§ Exercise details: The lines to extract run from the first line of the material below to the line containing "底面、背面下部付近に汚れあり", both included; leave the pictures behind.

**********

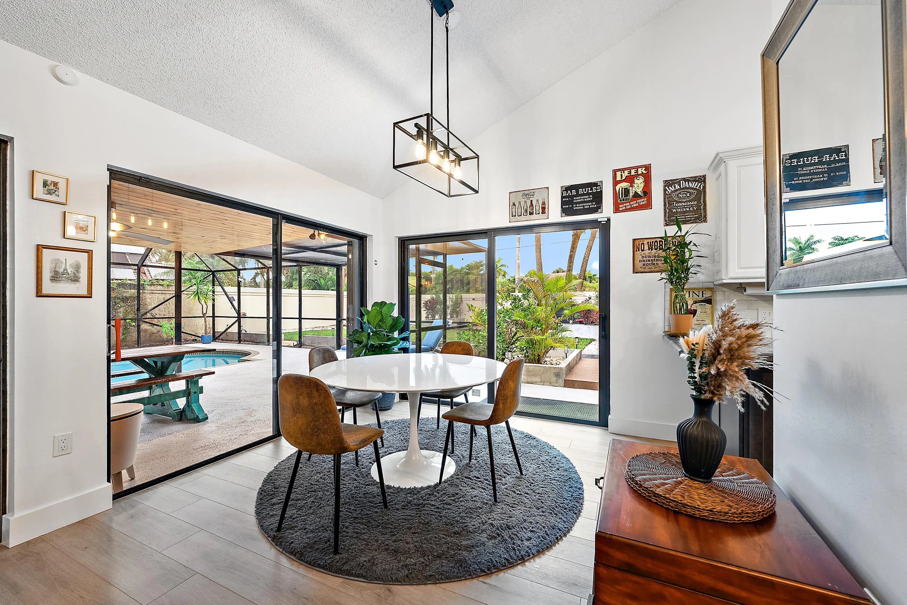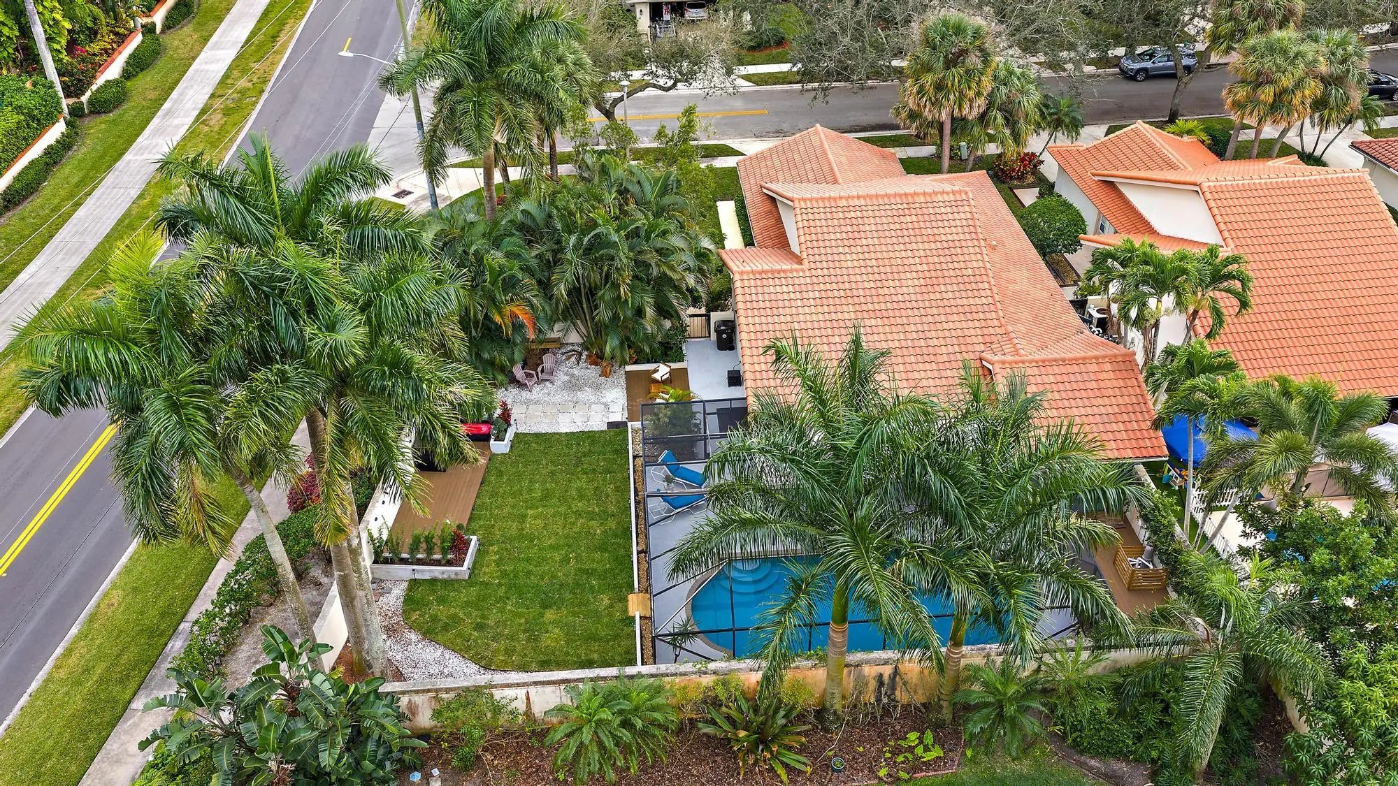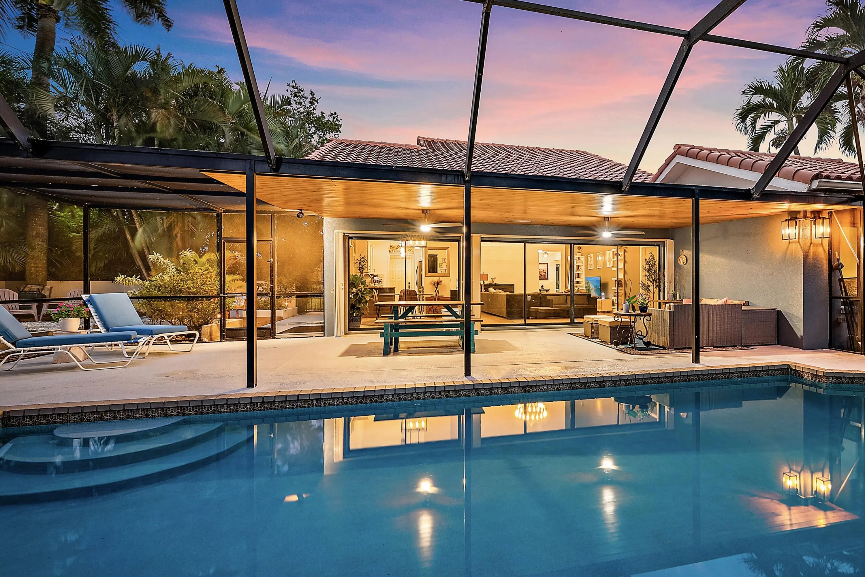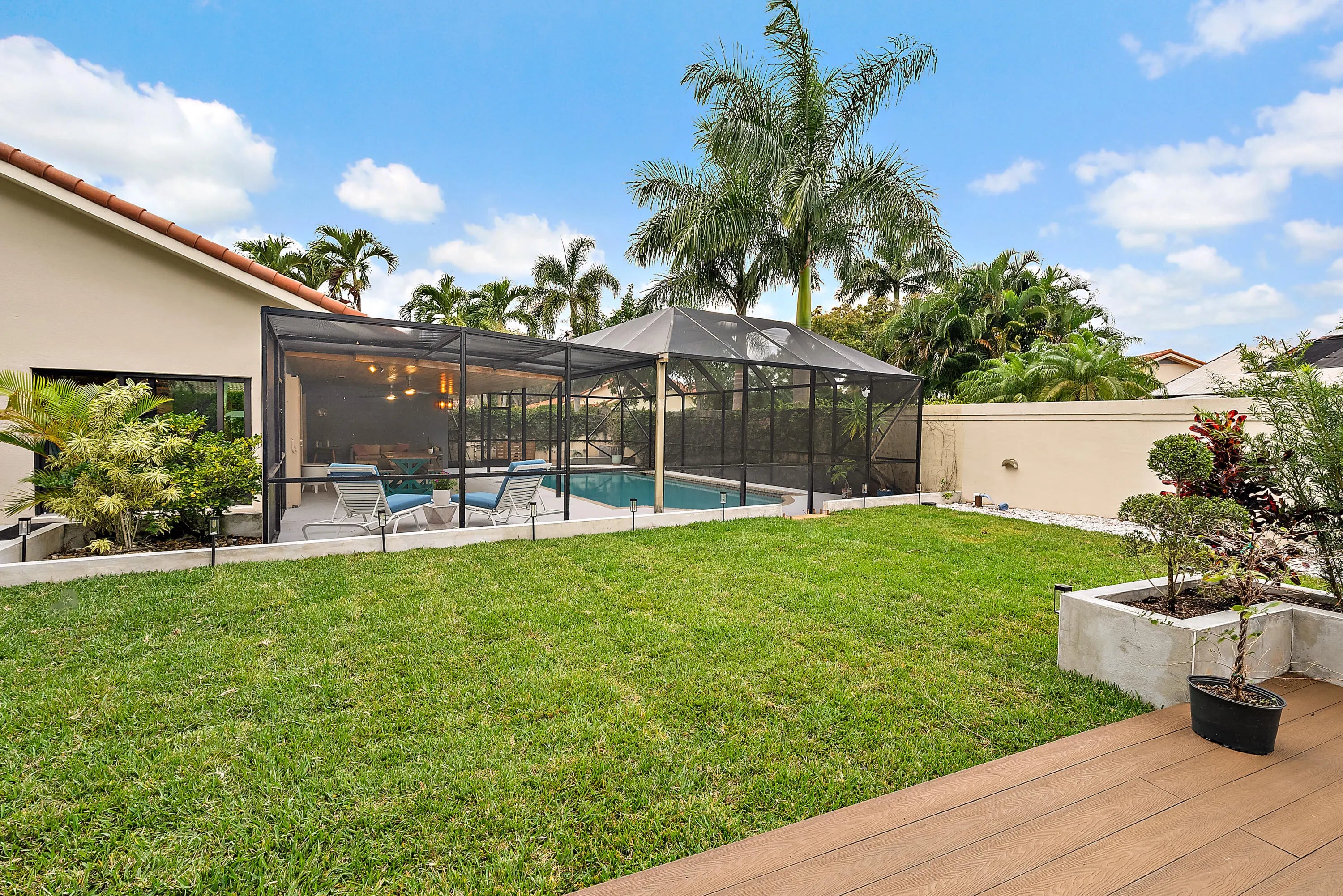 Welcome to this renovated Mediterranean/Spanish-style home offering convenient access to downtown West Palm Beach, beaches, shopping, and I-95. The home features 3 bedrooms, 2 full baths, with one bedroom as spacious loft-style across two levels. Inside are volume ceilings, an open split floor plan, and new luxury vinyl flooring installed in 2025. Major upgrades include a new AC (Sept 2025), whole-home water filtration system and impact windows and doors (2024). The kitchen features marble countertops, and the bathrooms have been updated.The private backyard offers professional landscaping, full wall enclosure, three custom decks, and a large pool with covered patio. Located in Saratoga Pointe with access to parks, pool, tennis, pickleball, volleyball, and playgrounds.
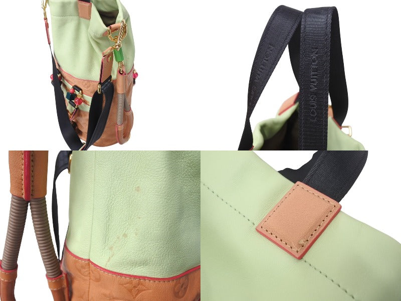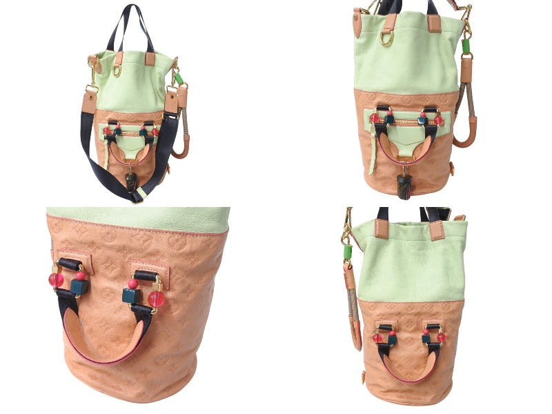 底面、背面下部付近に汚れあり。背面上部付近にシミあり。ハンドル根元付近に傷あり。金具部分にスレ、小傷あり。その他使用感の少ない状態です。
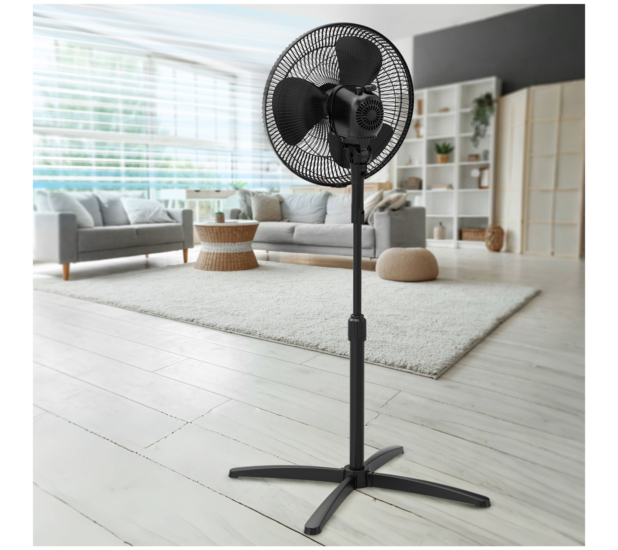 Enjoy effortless airflow throughout your living room, workspace, or bedroom with this versatile 16" oscillating pedestal fan. Tune the breeze to just your liking with three speed settings, an adjustable tilt, and customizable height, while the broad oscillation keeps everyone comfortable on warmer days. From Emerson.
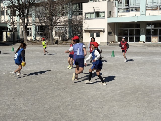 タグを取られないようにしながらボールを運ぶために、チームで声を掛け合い、作戦を考えて試合に臨みました。
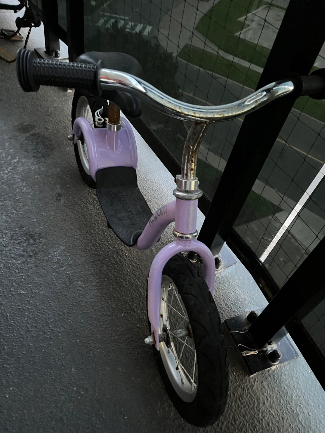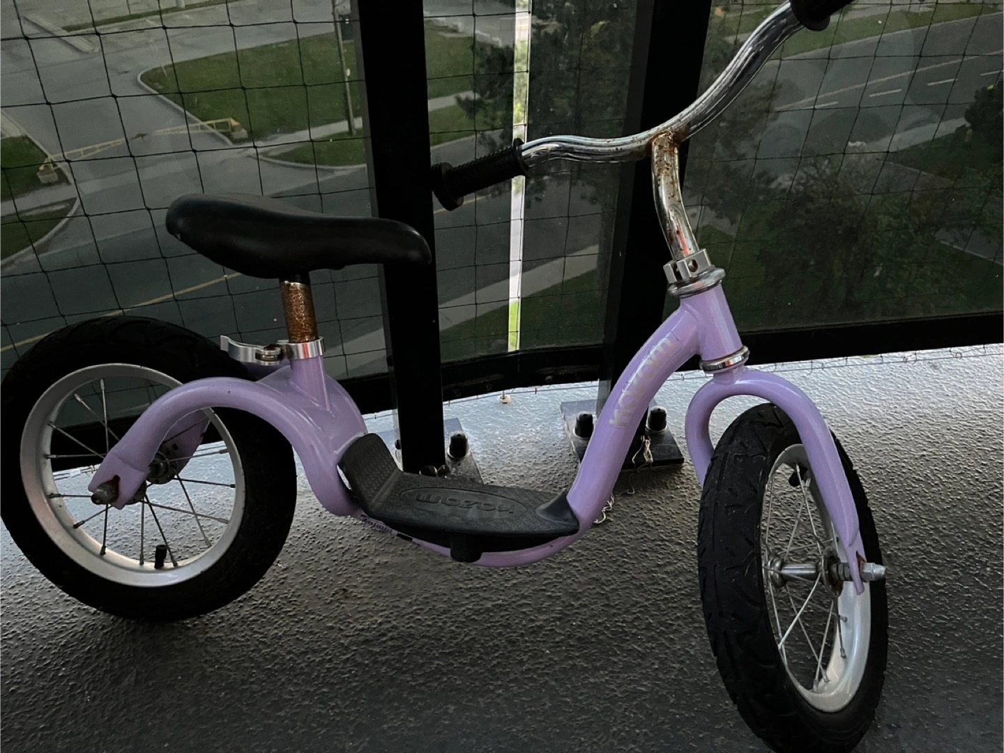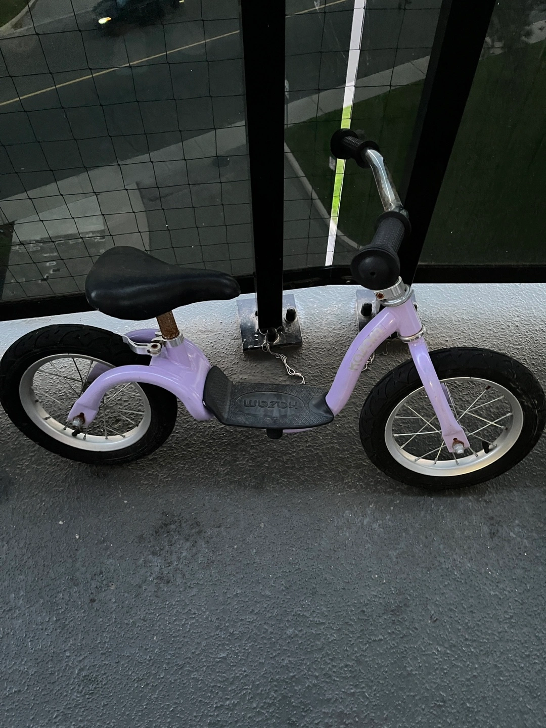 Used kids' balance bike. Lightweight purple frame. Good condition, minor surface rust on handlebars. Suitable for young children learning to ride.
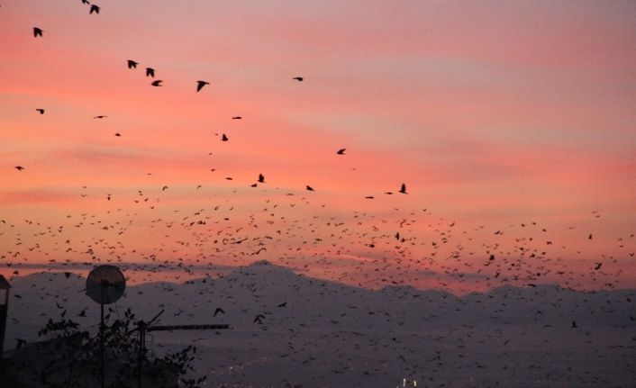 Erzurum’da akşam saatlerinde günbatımının oluşturduğu manzaraya kargalarında sürü halinde eşlik etmesi güzel görüntüler ortaya çıkarttı.
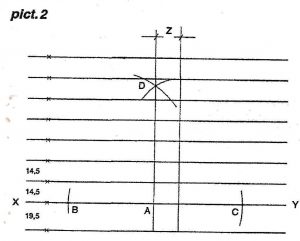 - Dimulai pada garis XY beri tanda garis horizontal secara berurutan,pada jarak 14,5 cm,hingga menuju nok.
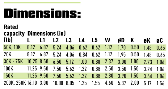 5K, 10K, 20K, 30K, 40K, 50K, 60K, 75K, 100K, 150K, 200K, 250K LB.
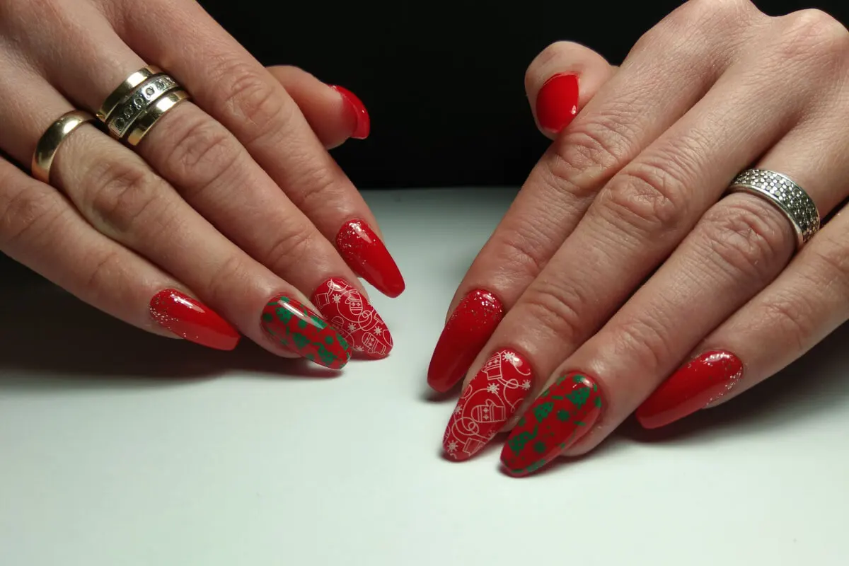 7. Uñas rojas con pinitos verdes y dibujos navideños
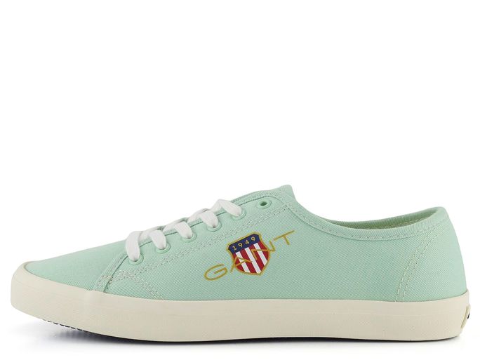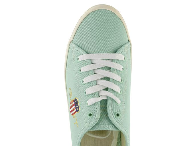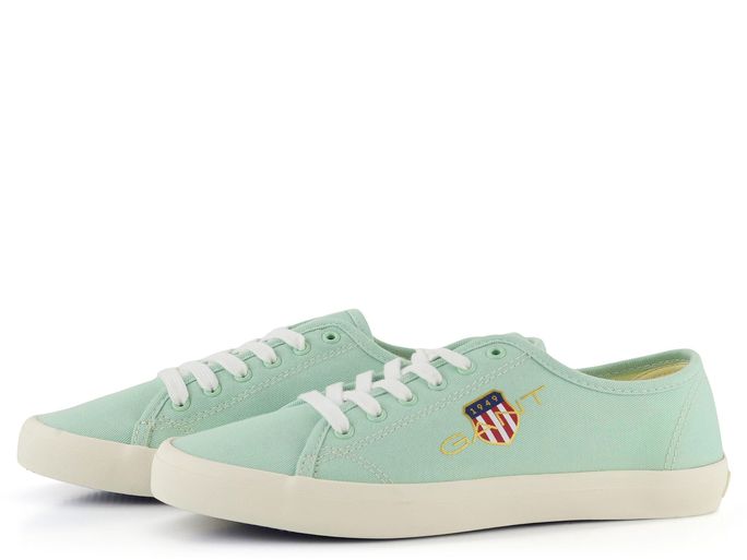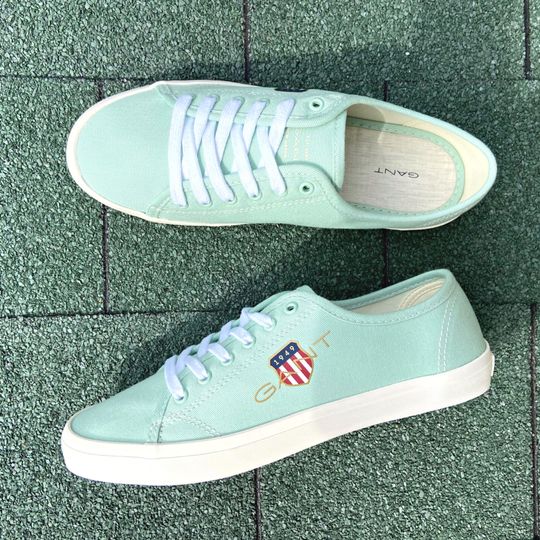 Módní dámské plátěné tenisky v mintově zelené barvě s dominantním logem značky.

**********

§ Output:
 Welcome to this renovated Mediterranean/Spanish-style home offering convenient access to downtown West Palm Beach, beaches, shopping, and I-95. The home features 3 bedrooms, 2 full baths, with one bedroom as spacious loft-style across two levels. Inside are volume ceilings, an open split floor plan, and new luxury vinyl flooring installed in 2025. Major upgrades include a new AC (Sept 2025), whole-home water filtration system and impact windows and doors (2024). The kitchen features marble countertops, and the bathrooms have been updated.The private backyard offers professional landscaping, full wall enclosure, three custom decks, and a large pool with covered patio. Located in Saratoga Pointe with access to parks, pool, tennis, pickleball, volleyball, and playgrounds.
 底面、背面下部付近に汚れあり。背面上部付近にシミあり。ハンドル根元付近に傷あり。金具部分にスレ、小傷あり。その他使用感の少ない状態です。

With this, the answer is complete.